History and Presence endeavors to study history differently, weaving tenderly rendered religious lives with theoretical argument. Several chapters center on historical events, like Marian apparitions, and on historical documents, like devotional print material (prayer cards, Catholic comic books, etc.) Even when writing history, though, Orsi attends to the intimate. He describes, for instance, the press of pilgrims’ bodies at Lourdes and the handwritten notes on an old set of prayer cards.
More often, though, Orsi includes himself in his stories. He accompanies a student, sick with cancer, as she clings to holy, healing dirt dug from the shine at Chimayó, New Mexico. He describes how his own father cared for his mother as she was dying – how they held, together, her doubts about heaven.
These stories are poignant, and they have to be. Orsi has not set out to simply describe what his subjects believe, but rather to evoke what it’s like to live in their skin. Fittingly, then, the book crosses genres; it often reads more like creative nonfiction than academic history. In places, Orsi plays with narrative tension and relies on unexplained resonances rather than on explicit argument. The result is an account of Catholic piety that emerges via a kind of thickening – of stories, lives, and networks between the gods, the living, and the dead.

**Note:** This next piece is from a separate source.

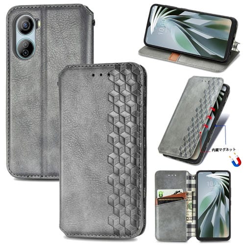 Funda para ZTE Libero 5G Iv de Cuero Magnético Prensado con Rejilla Cúbica (Gris)

The book’s most disturbing, and most necessary, chapter comes last. Under the rubric of “abundant evil,” it engages survivors of sexual abuse by priests. The details, simple but devastating, will make readers’ hearts sink. At the same time, Orsi also shows how the priest’s role in consecrating the Eucharist – acting, theologically, as a stand-in for Christ – gave abuse an added, Catholic dimension.

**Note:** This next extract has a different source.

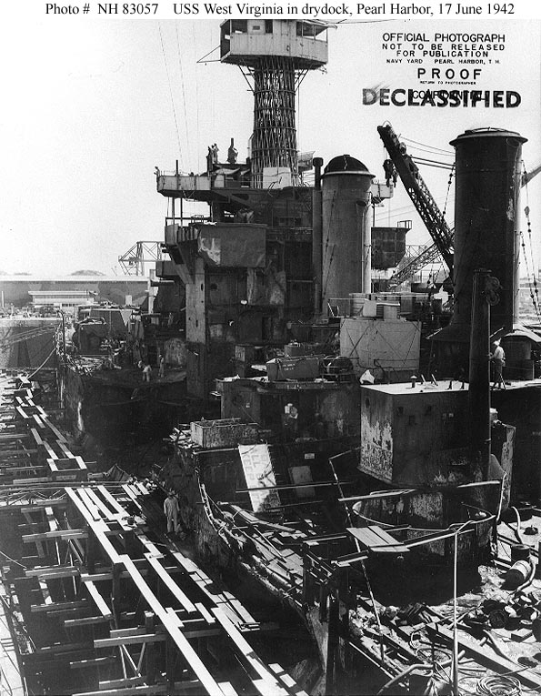 Photo #: NH 83057 USS West Virginia (BB-48) In Drydock Number One at the Pearl Harbor Navy Yard, 17 June 1942. She was receiving repairs for the massive damage she received in the 7 December 1941 Japanese attack. Note that her hull side and upper deck amidships has been cut away. Collection of Vice Admiral Homer N. Wallin, USN (Retired). U.S. Naval History and Heritage Command Photograph. Online Image: 131KB; 595 x 765 pixels |

As Orsi argues throughout History and Presence, the essence of that dimension is relationship. Mary calls to visionaries, the dead need prayers, and God faces questions about God’s culpability or negligence in priestly abuse. In the end, it is the mutual, unpredictable vulnerability of relationship that make religious lives more than their social determinants. Secular theory contains that “more” only by assuming it away. Or so Orsi argues.
History and Presence will face fierce refutation from many scholars, the more generous of whom might insist that it is a fine book – it’s just not scholarship. Of course, that’s precisely the question. Does history aim to submit the observable causes of human behavior to rational analysis (more like science)? Or does it attempt to evoke what it would be like to live in a different time and cultural world (more like literature)? Don’t both options require writers to interpret the lives of others, imposing their own viewpoints on other lives? When does empathy with others slip into projection of the self? Can we ever really know each other? How?
These are fundamental questions. Orsi makes his case with the fine-grained research, literary skill, and humane tenderness that have become his calling cards. When imaginative readers look with him at the dead boy’s shrine, they may not expect to see the deceased looking back. Still, they may feel the hopeful suspense of those who do.
Ben Brazil is assistant professor and director of the Ministry of Writing Program, Earlham School of Religion.